The sound, gestures, and visuals—such as scattering flour or fermenting rice wine—intertwine to form a polyphonic rhythm that unifies the entire exhibition.


Entrance to the Peabody Essex Museum, ©2020 Peabody Essex Museum. Photography by Kathy Tarantola

Yeondoo Jung, Syncopation #15. / Courtesy of the Peabody Essex Museum

Across the Ocean: Syncopated Memories at the Peabody Essex Museum
 
In parallel with the Busan exhibition, Jung is also presenting a solo show at the Peabody Essex Museum in Salem, Massachusetts. Inspired by a letter written by Yu Kil-chun, a notable Korean reformer, on his return voyage from the U.S., Jung's new work Syncopation #15 rhythmically translates Yu’s emotional turbulence and flowing penmanship into a metaphorical interplay of dissonance and harmony across time.
 
Also featured is Evergreen Tower, Jung’s celebrated slide series previously acquired by the Joy of Giving Something Foundation and later donated to MoMA. Its inclusion reconnects the museum with Jung’s broader oeuvre.

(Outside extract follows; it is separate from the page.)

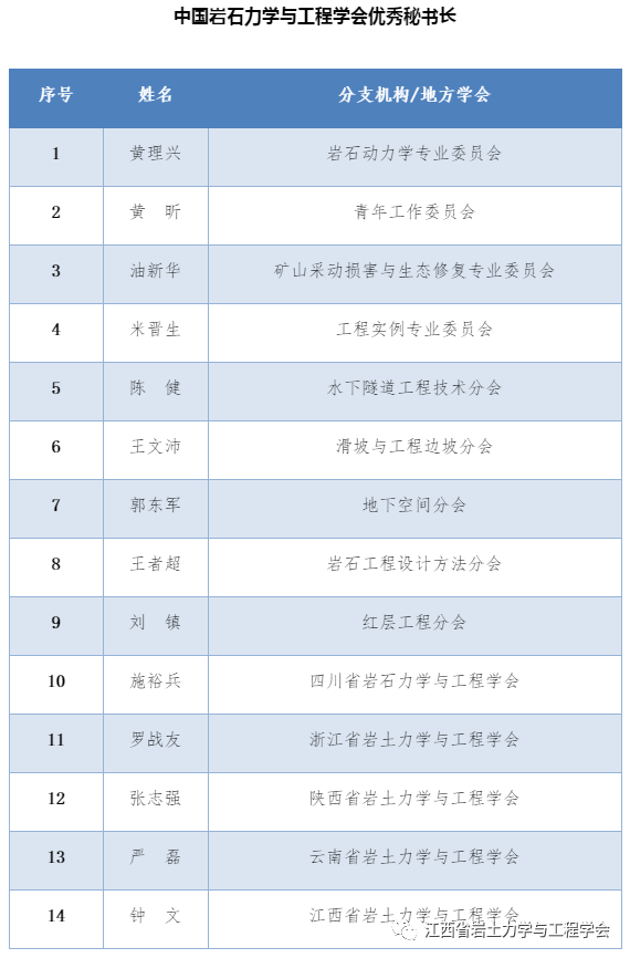 本网讯 8月28日,中国岩石力学与工程学会召开了第九届理事会第38次党工委会议,审议通过并发布了《关于表彰先进单位及优秀个人的公告》,由我校作为支撑单位的江西省岩土力学与工程学会相关工作得到广泛认可,我校资源与环境工程学院采矿工程系副教授、江西省岩土力学与工程学会秘书长钟文老师获评为中国岩石力学与工程学会优秀秘书长。

Portrait of artist Yeondoo Jung. Photo by Ahn Chun-ho. / Courtesy of Kukje Gallery

Humor, Empathy, and Physical Practice

Born in 1969, Yeondoo Jung studied sculpture at Seoul National University and at Goldsmiths, University of London. He was named Artist of the Year by the National Museum of Modern and Contemporary Art in 2007, and his work was acquired by MoMA in 2008. His artistic practice is deeply physical and research-driven—he has grown sugarcane, learned ballroom dance, and fermented ingredients to inform his work. His pieces are playful, yet never superficial.
 
In 《The Inevitable, Inacceptable》, Jung invites viewers into a complex rhythm of life: musical, fermented, humorous, and resilient. “Life doesn’t go as planned, but somehow, it continues.” This exhibition records the rhythm of that persistence and grace.
 
The exhibition is on view through July 20, 2025, at Kukje Gallery Busan, located within F1963 in Suyeong-gu, Busan.